-- Materials provided follows --

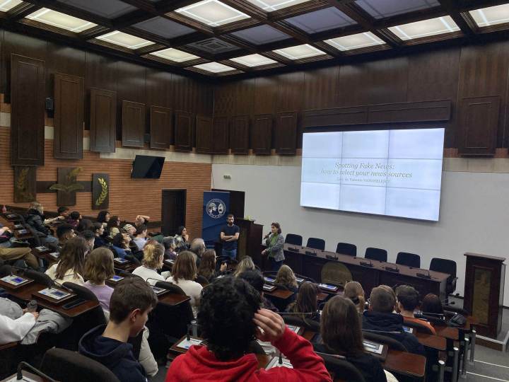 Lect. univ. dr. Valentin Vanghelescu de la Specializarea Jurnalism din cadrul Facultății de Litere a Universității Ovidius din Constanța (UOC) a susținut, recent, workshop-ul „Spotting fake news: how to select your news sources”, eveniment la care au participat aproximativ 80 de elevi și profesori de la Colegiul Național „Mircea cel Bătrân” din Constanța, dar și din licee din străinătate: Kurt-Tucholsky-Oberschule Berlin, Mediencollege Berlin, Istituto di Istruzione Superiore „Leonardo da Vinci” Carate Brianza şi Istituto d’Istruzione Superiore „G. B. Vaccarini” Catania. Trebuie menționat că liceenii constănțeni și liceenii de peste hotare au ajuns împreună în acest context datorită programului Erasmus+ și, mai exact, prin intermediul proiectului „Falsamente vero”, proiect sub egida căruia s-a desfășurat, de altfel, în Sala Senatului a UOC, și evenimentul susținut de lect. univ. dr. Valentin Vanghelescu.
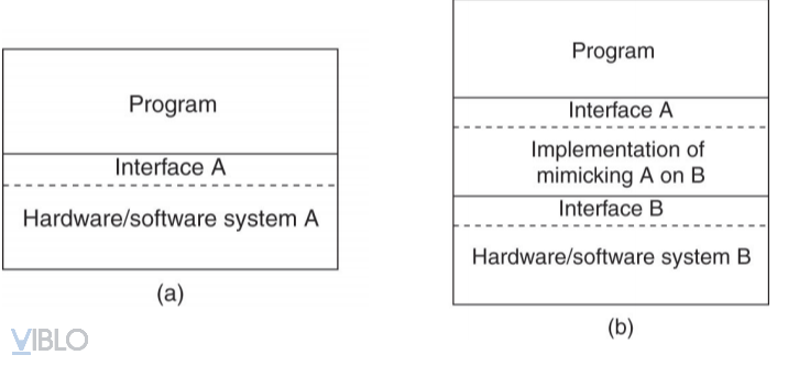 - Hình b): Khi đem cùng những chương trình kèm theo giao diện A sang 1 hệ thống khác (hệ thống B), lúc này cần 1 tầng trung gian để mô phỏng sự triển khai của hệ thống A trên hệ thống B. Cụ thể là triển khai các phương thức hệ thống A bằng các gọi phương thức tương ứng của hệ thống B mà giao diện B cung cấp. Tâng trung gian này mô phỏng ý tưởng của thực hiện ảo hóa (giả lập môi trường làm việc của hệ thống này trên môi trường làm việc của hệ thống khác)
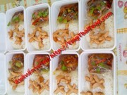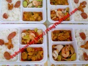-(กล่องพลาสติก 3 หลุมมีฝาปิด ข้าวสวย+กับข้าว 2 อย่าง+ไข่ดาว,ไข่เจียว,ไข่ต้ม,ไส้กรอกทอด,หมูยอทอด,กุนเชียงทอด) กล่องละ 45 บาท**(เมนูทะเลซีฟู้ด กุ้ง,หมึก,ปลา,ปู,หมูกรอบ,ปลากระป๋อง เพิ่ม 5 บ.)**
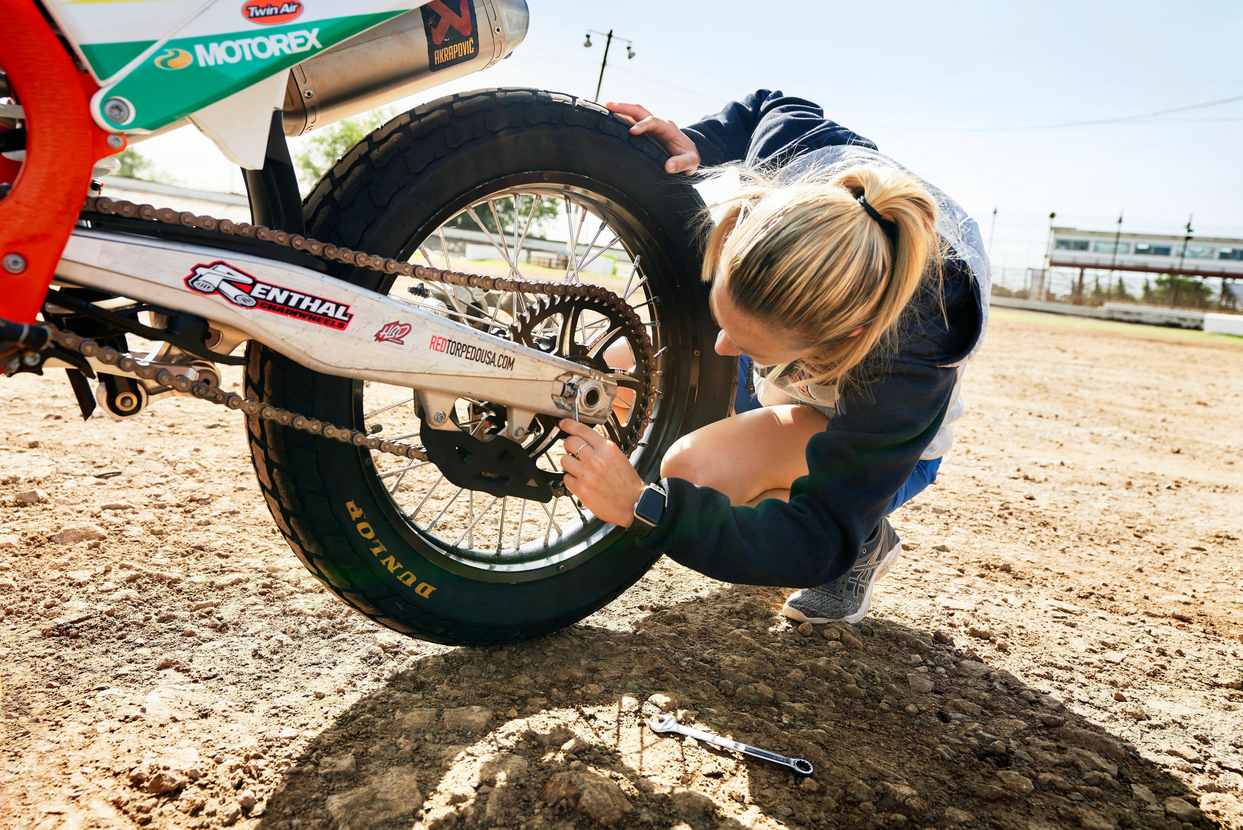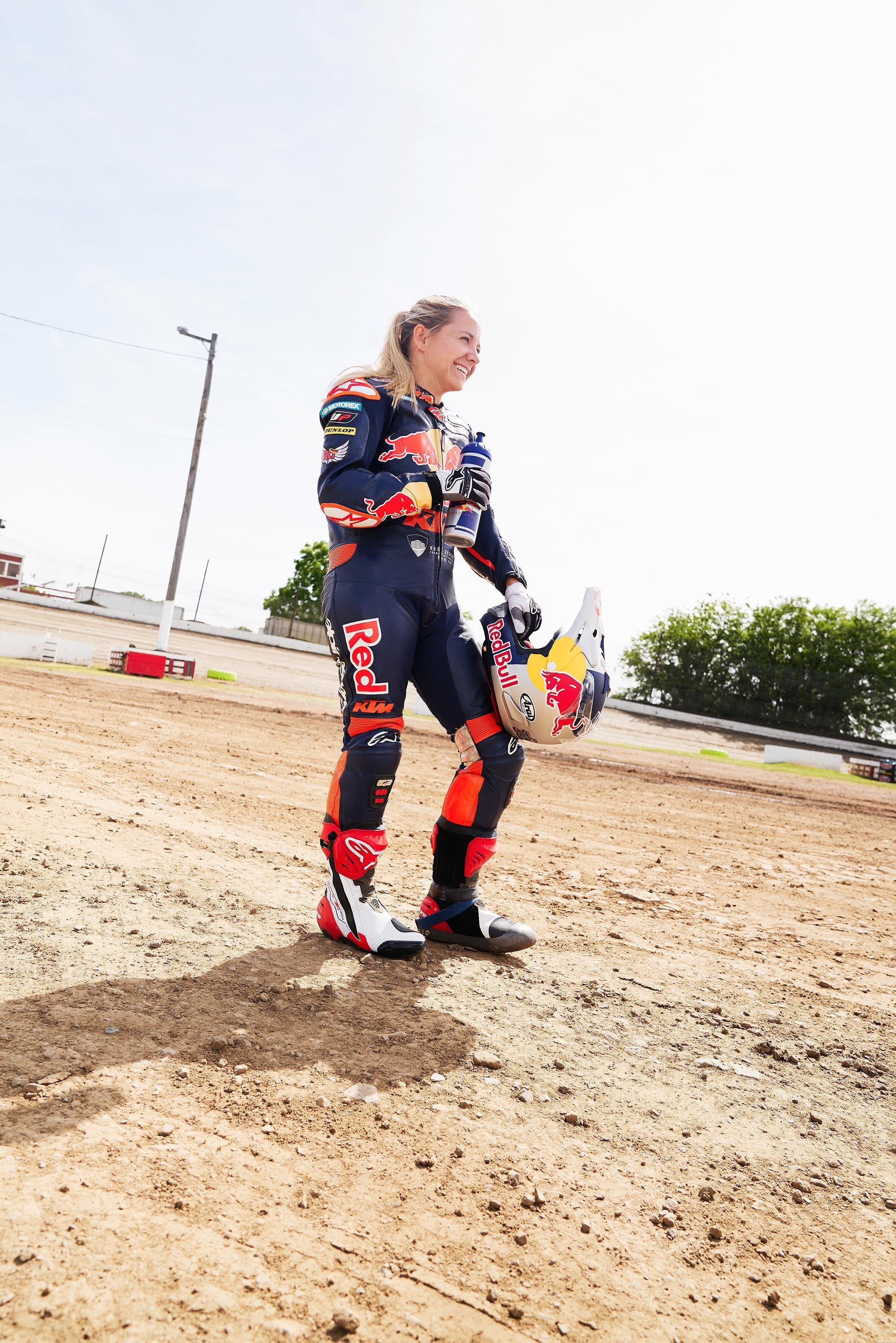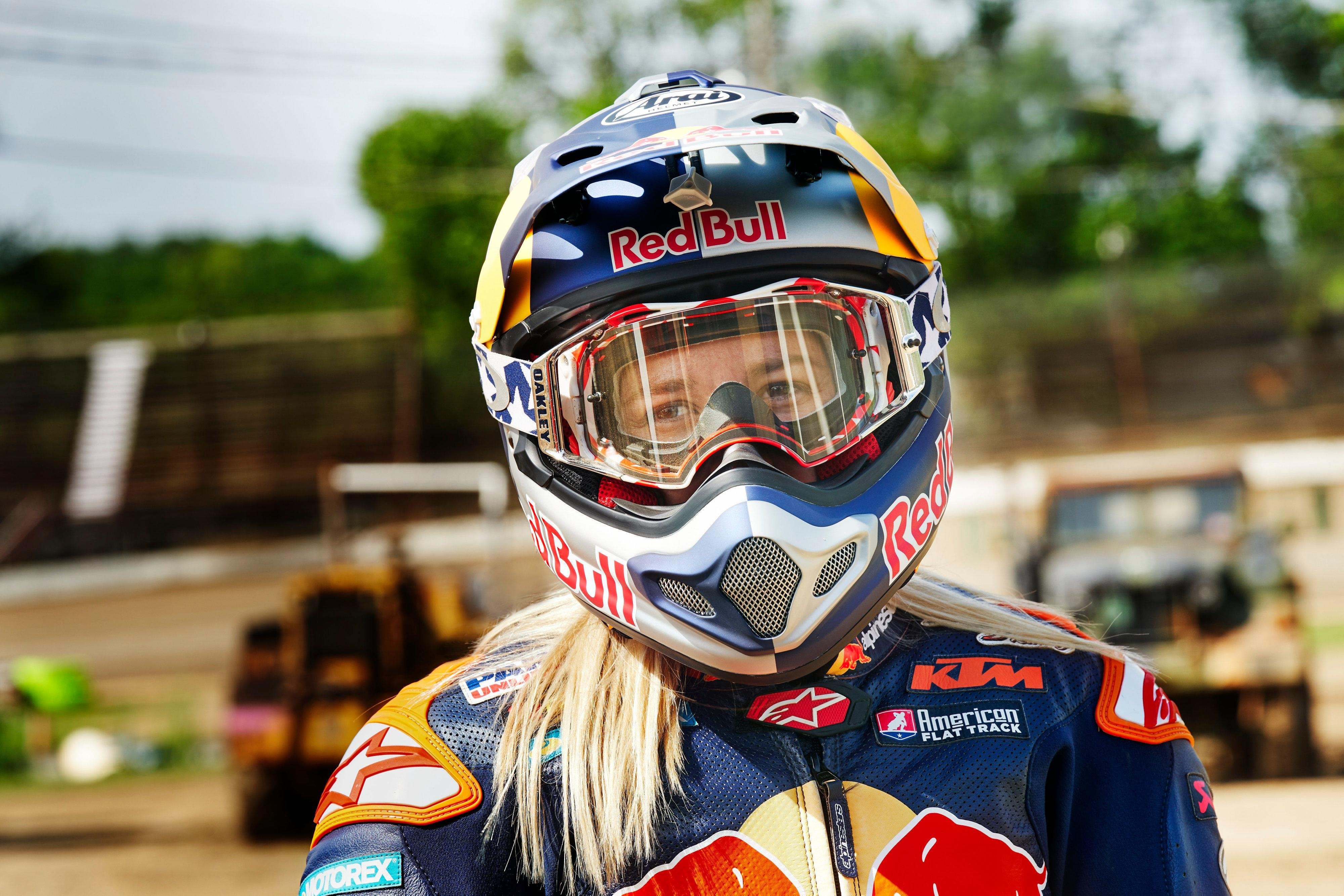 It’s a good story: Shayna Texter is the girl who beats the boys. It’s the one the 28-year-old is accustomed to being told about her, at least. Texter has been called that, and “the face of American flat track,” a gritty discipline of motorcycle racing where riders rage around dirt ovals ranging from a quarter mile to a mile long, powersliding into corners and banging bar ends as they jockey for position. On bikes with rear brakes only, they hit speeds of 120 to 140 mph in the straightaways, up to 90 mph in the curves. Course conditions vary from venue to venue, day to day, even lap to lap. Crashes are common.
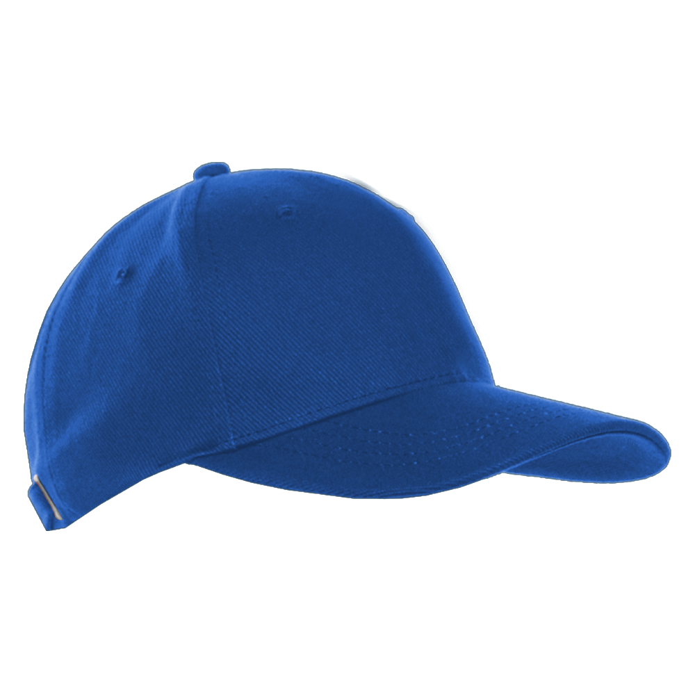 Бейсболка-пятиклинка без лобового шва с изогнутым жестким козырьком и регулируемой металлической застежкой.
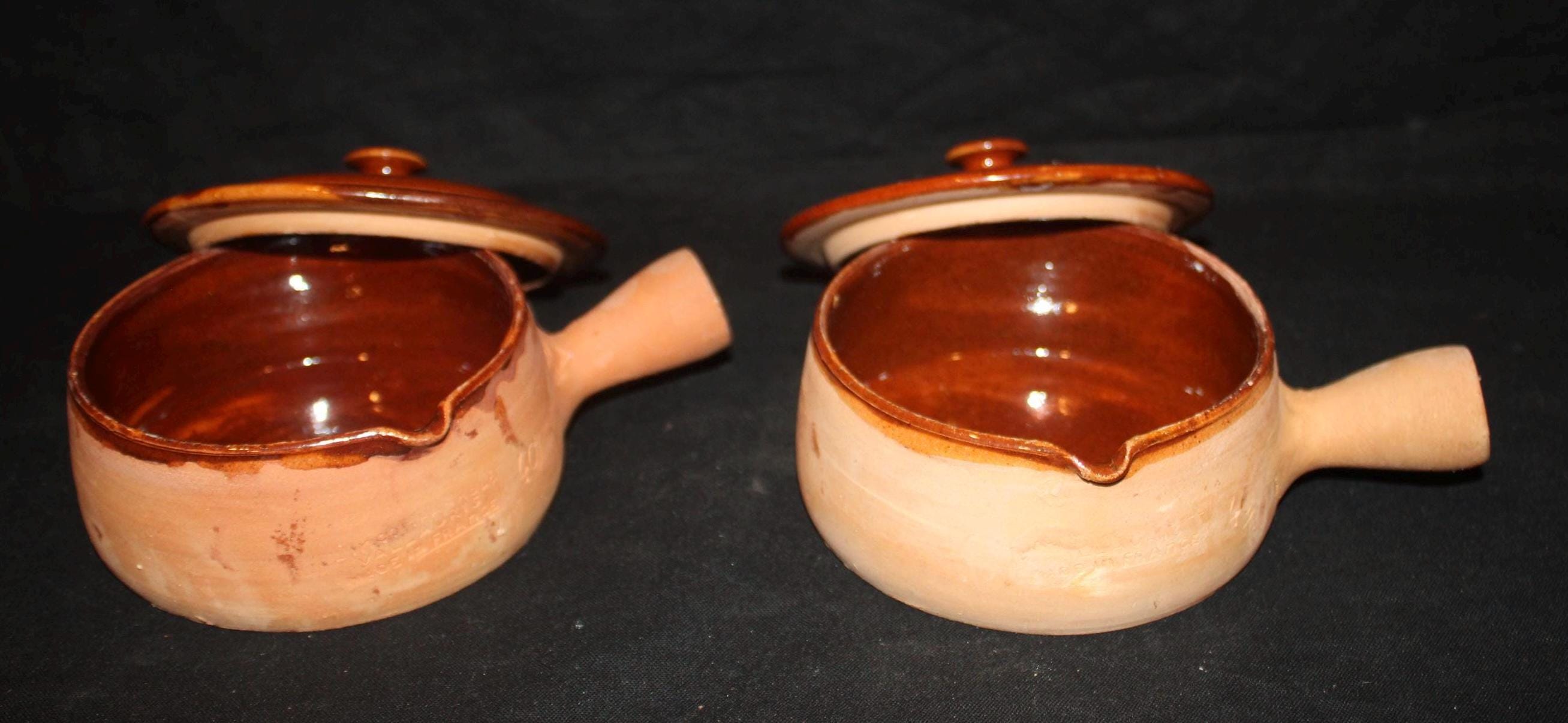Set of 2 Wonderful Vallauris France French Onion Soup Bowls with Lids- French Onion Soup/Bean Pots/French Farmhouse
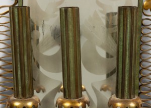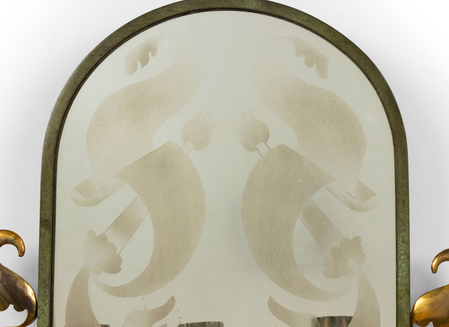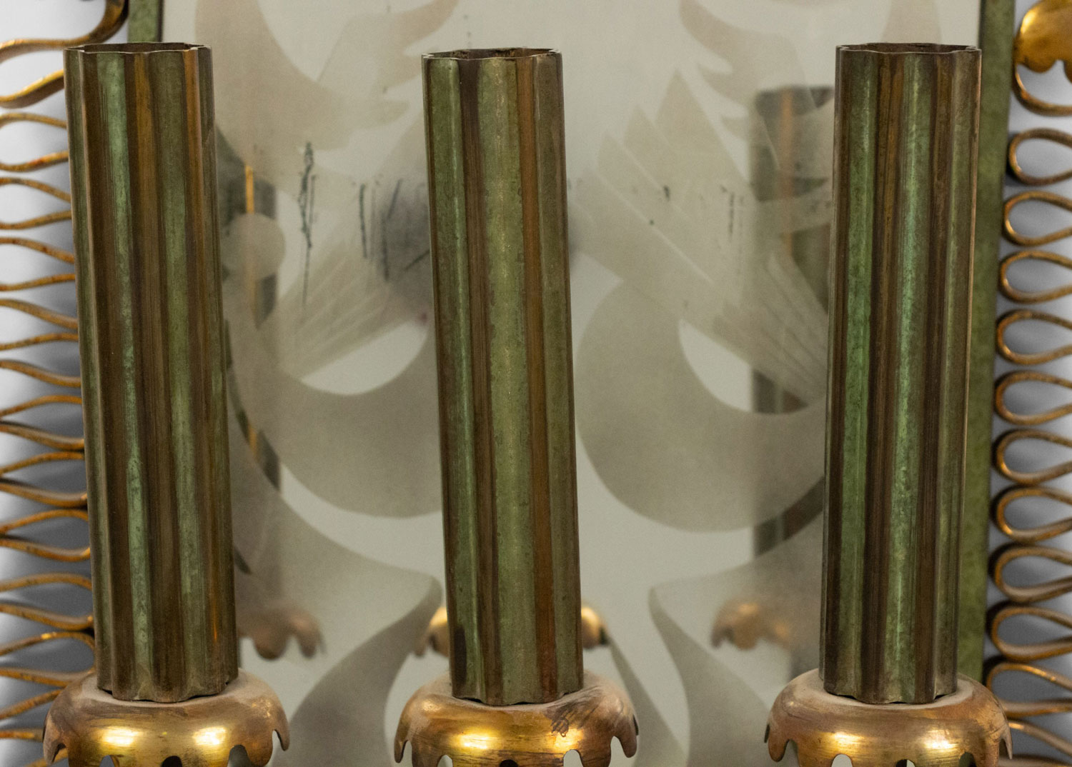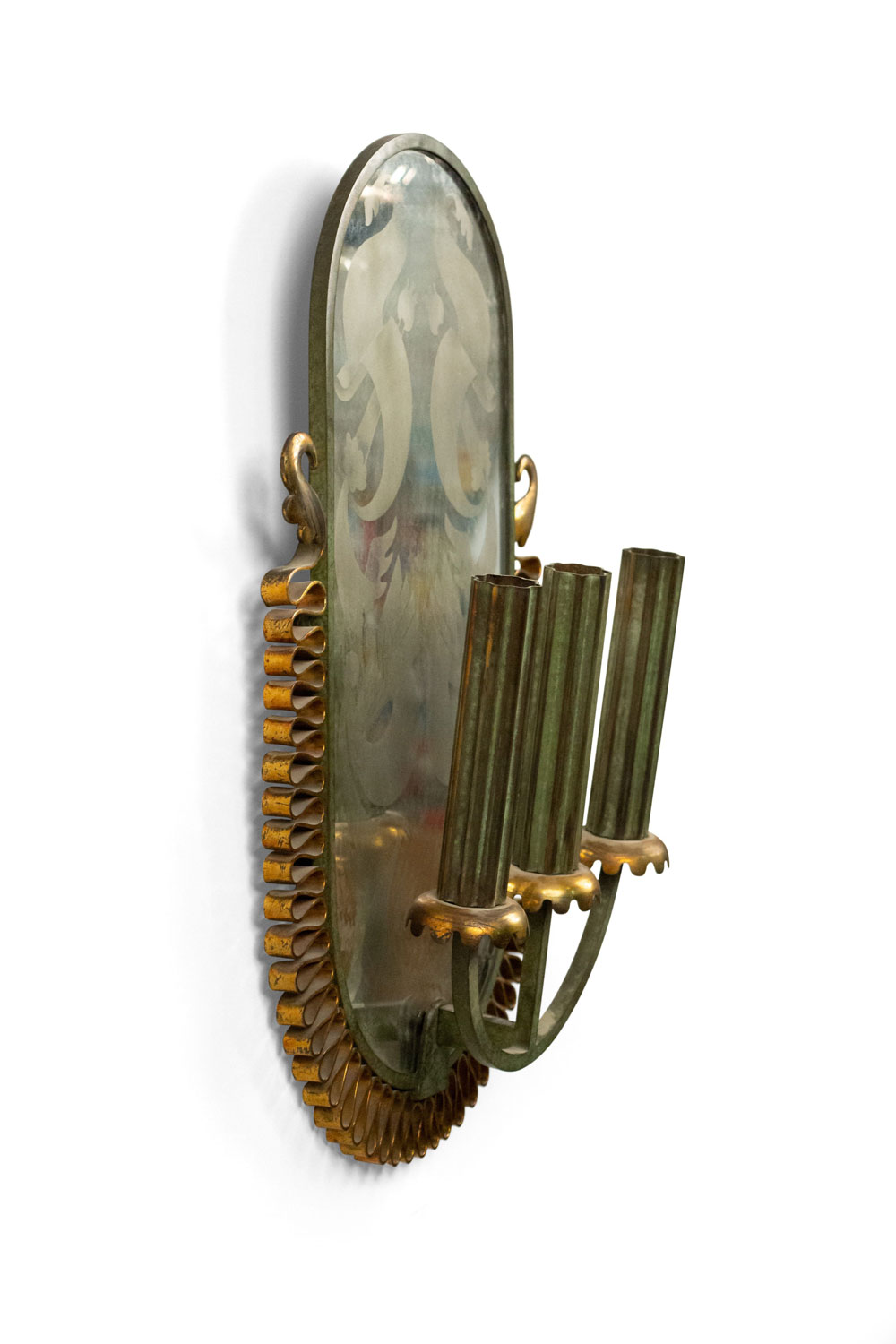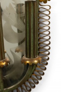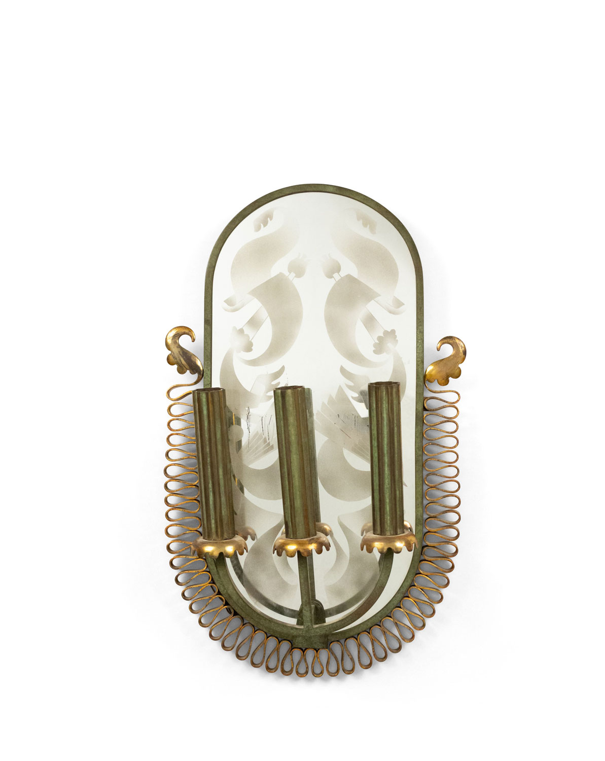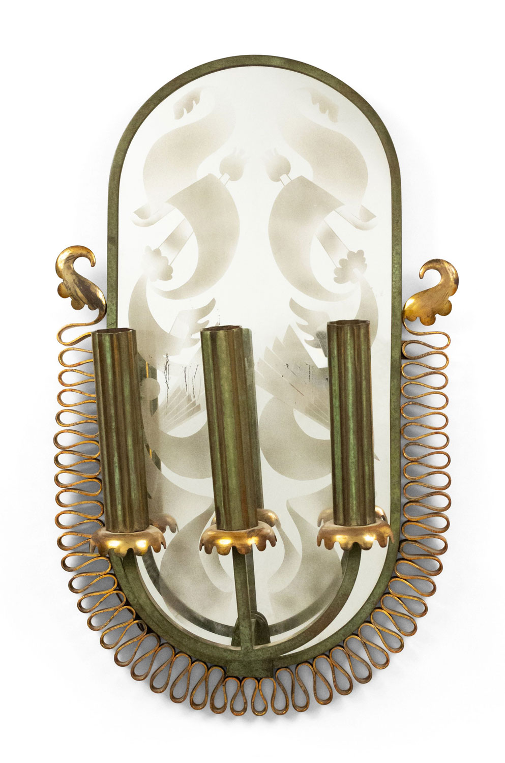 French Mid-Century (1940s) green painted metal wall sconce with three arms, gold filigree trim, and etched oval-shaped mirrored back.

-- Materials provided concluded --

→ Work instructions:
From the records above, copy only the lines running from the line containing "-(กล่องพลาสติก 3 หลุมมีฝาปิด" to the line containing "It’s a good", both ends included. Leave the pictures out.

→ Response area:
-(กล่องพลาสติก 3 หลุมมีฝาปิด ข้าวสวย+กับข้าว 2 อย่าง+ไข่ดาว,ไข่เจียว,ไข่ต้ม,ไส้กรอกทอด,หมูยอทอด,กุนเชียงทอด) กล่องละ 45 บาท**(เมนูทะเลซีฟู้ด กุ้ง,หมึก,ปลา,ปู,หมูกรอบ,ปลากระป๋อง เพิ่ม 5 บ.)**
 It’s a good story: Shayna Texter is the girl who beats the boys. It’s the one the 28-year-old is accustomed to being told about her, at least. Texter has been called that, and “the face of American flat track,” a gritty discipline of motorcycle racing where riders rage around dirt ovals ranging from a quarter mile to a mile long, powersliding into corners and banging bar ends as they jockey for position. On bikes with rear brakes only, they hit speeds of 120 to 140 mph in the straightaways, up to 90 mph in the curves. Course conditions vary from venue to venue, day to day, even lap to lap. Crashes are common.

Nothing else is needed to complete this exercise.